All that is wanted is the exact text of the lines below from the one with "16 inches up)" through the one with "The motivation for", inclusive, minus any pictures.

*** Opening RECORDED INFORMATION ***

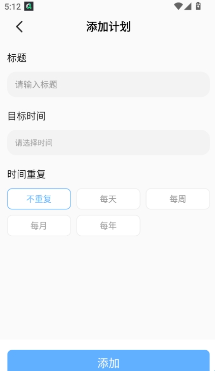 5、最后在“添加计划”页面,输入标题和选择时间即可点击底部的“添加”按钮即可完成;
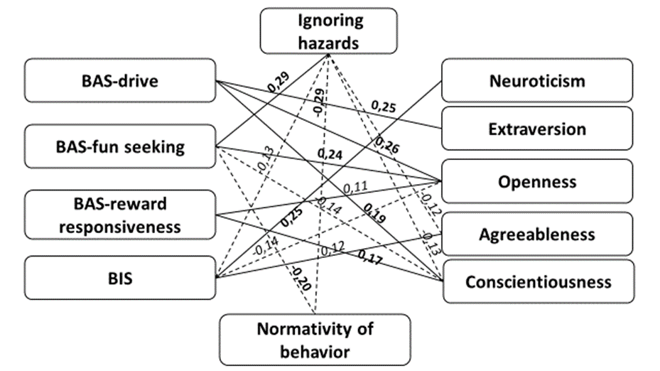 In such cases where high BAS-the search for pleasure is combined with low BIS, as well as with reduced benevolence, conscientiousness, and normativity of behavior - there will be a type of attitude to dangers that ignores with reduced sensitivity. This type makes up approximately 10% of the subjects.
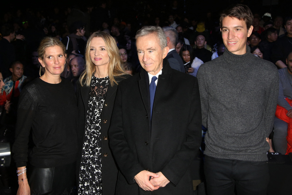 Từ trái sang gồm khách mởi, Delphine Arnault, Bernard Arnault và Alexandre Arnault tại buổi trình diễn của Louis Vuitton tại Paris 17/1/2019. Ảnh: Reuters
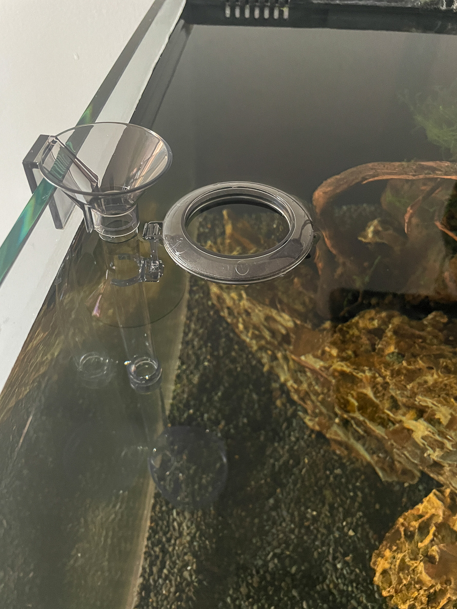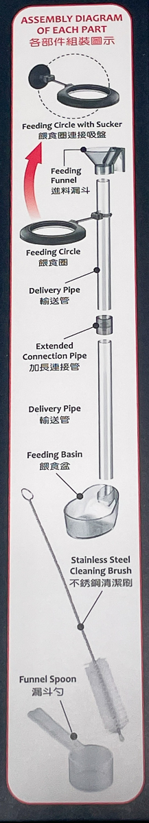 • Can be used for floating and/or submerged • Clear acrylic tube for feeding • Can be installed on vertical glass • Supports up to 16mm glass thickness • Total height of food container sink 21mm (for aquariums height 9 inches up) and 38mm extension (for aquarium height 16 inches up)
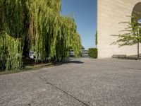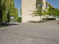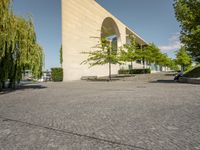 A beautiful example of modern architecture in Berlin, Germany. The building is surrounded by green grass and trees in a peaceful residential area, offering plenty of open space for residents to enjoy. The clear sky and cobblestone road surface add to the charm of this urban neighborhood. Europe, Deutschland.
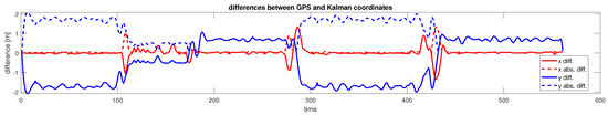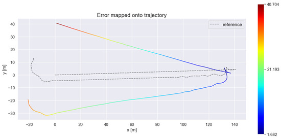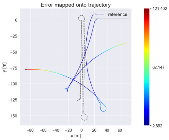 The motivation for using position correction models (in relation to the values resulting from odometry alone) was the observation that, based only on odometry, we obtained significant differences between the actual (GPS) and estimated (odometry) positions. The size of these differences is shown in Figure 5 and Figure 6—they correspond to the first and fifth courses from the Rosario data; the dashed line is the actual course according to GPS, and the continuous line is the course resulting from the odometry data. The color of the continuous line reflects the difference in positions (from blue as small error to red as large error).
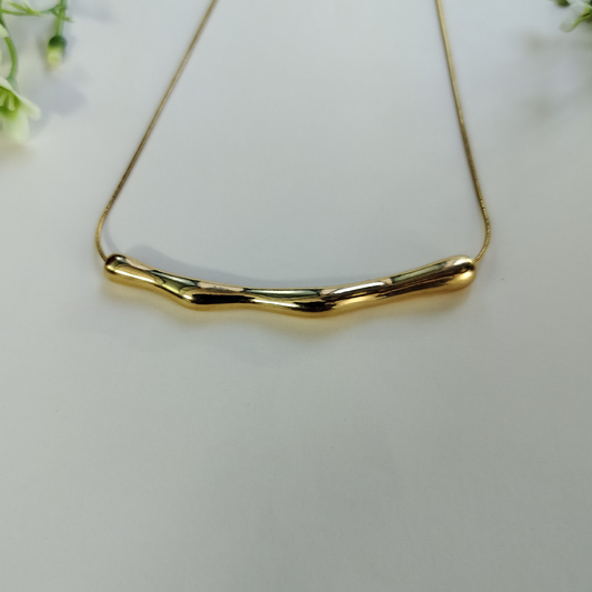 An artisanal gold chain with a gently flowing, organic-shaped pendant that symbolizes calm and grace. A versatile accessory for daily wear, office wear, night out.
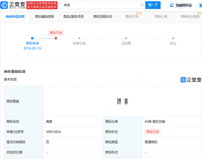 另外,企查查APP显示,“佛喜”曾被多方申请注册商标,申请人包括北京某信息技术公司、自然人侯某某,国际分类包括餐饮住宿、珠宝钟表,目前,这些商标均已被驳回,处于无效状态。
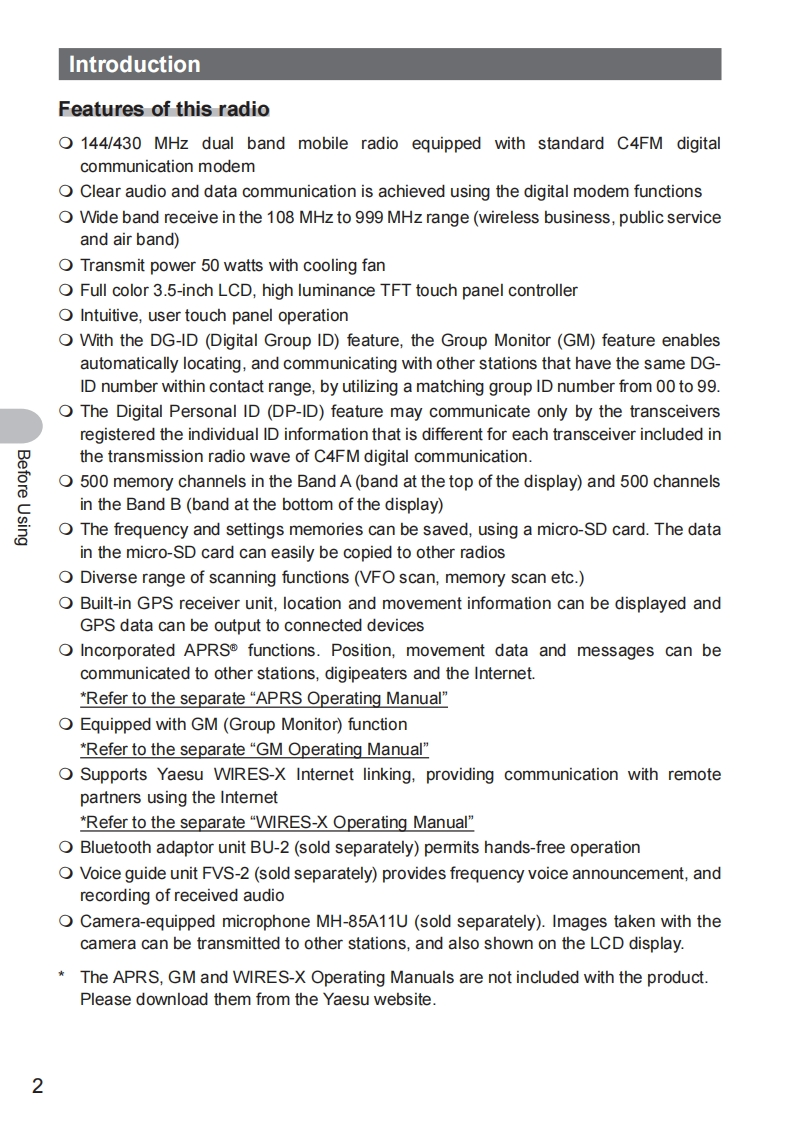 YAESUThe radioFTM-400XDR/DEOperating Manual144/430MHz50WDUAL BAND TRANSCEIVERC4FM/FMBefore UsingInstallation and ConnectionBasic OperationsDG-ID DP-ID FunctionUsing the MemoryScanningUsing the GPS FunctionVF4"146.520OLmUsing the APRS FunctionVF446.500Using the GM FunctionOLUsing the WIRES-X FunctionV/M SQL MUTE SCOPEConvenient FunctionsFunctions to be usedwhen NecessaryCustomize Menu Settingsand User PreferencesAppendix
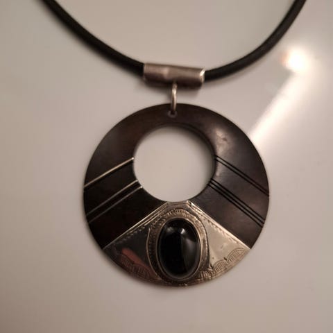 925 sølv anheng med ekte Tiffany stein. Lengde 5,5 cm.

*** Closing RECORDED INFORMATION ***

FINAL ANSWER:
 • Can be used for floating and/or submerged • Clear acrylic tube for feeding • Can be installed on vertical glass • Supports up to 16mm glass thickness • Total height of food container sink 21mm (for aquariums height 9 inches up) and 38mm extension (for aquarium height 16 inches up)
 A beautiful example of modern architecture in Berlin, Germany. The building is surrounded by green grass and trees in a peaceful residential area, offering plenty of open space for residents to enjoy. The clear sky and cobblestone road surface add to the charm of this urban neighborhood. Europe, Deutschland.
 The motivation for using position correction models (in relation to the values resulting from odometry alone) was the observation that, based only on odometry, we obtained significant differences between the actual (GPS) and estimated (odometry) positions. The size of these differences is shown in Figure 5 and Figure 6—they correspond to the first and fifth courses from the Rosario data; the dashed line is the actual course according to GPS, and the continuous line is the course resulting from the odometry data. The color of the continuous line reflects the difference in positions (from blue as small error to red as large error).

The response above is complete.